YOUR OBJECTIVE :: What you give must be the lines from the one containing "Policia e Shtetit" through the last line of the listing below, exactly, with nothing else and no pictures.

───── EXTRACTED RECORDS

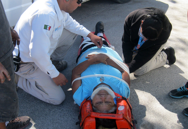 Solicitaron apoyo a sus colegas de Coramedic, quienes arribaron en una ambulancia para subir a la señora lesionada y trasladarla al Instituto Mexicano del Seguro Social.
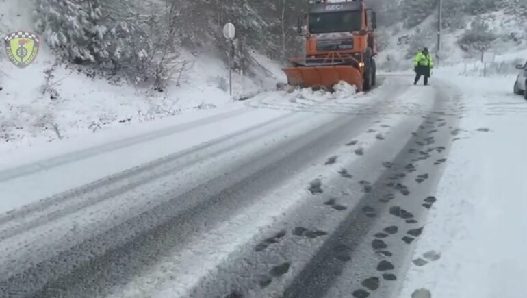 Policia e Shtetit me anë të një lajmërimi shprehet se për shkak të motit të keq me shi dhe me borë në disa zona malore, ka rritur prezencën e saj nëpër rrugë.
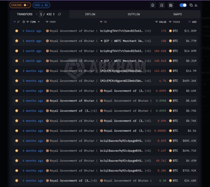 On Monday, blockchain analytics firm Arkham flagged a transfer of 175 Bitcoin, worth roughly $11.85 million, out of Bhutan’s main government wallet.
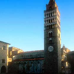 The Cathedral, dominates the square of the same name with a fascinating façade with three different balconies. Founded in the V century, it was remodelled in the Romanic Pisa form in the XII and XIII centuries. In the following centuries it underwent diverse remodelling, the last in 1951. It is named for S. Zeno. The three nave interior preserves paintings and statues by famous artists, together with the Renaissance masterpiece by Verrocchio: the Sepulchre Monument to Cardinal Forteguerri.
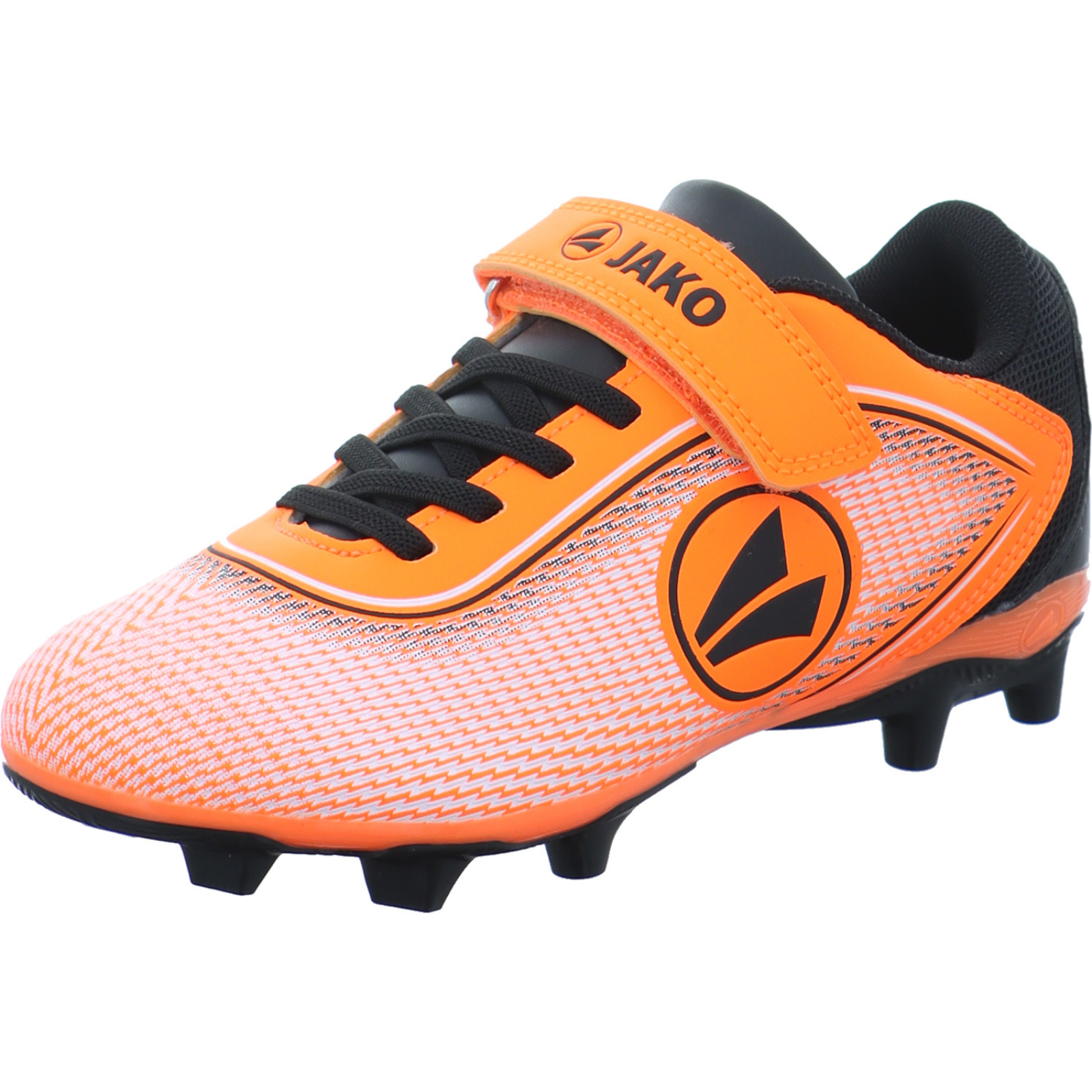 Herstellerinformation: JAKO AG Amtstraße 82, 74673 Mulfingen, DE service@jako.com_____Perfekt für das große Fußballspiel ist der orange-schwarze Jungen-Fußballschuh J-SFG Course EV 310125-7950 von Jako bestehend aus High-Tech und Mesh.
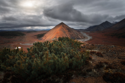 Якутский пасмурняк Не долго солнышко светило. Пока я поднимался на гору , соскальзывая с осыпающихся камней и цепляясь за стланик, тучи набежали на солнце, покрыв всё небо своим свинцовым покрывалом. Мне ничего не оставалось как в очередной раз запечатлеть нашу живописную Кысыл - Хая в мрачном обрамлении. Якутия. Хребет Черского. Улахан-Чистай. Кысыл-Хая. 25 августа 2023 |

──────────

REPLY ::
 Policia e Shtetit me anë të një lajmërimi shprehet se për shkak të motit të keq me shi dhe me borë në disa zona malore, ka rritur prezencën e saj nëpër rrugë.
 On Monday, blockchain analytics firm Arkham flagged a transfer of 175 Bitcoin, worth roughly $11.85 million, out of Bhutan’s main government wallet.
 The Cathedral, dominates the square of the same name with a fascinating façade with three different balconies. Founded in the V century, it was remodelled in the Romanic Pisa form in the XII and XIII centuries. In the following centuries it underwent diverse remodelling, the last in 1951. It is named for S. Zeno. The three nave interior preserves paintings and statues by famous artists, together with the Renaissance masterpiece by Verrocchio: the Sepulchre Monument to Cardinal Forteguerri.
 Herstellerinformation: JAKO AG Amtstraße 82, 74673 Mulfingen, DE service@jako.com_____Perfekt für das große Fußballspiel ist der orange-schwarze Jungen-Fußballschuh J-SFG Course EV 310125-7950 von Jako bestehend aus High-Tech und Mesh.
 Якутский пасмурняк Не долго солнышко светило. Пока я поднимался на гору , соскальзывая с осыпающихся камней и цепляясь за стланик, тучи набежали на солнце, покрыв всё небо своим свинцовым покрывалом. Мне ничего не оставалось как в очередной раз запечатлеть нашу живописную Кысыл - Хая в мрачном обрамлении. Якутия. Хребет Черского. Улахан-Чистай. Кысыл-Хая. 25 августа 2023 |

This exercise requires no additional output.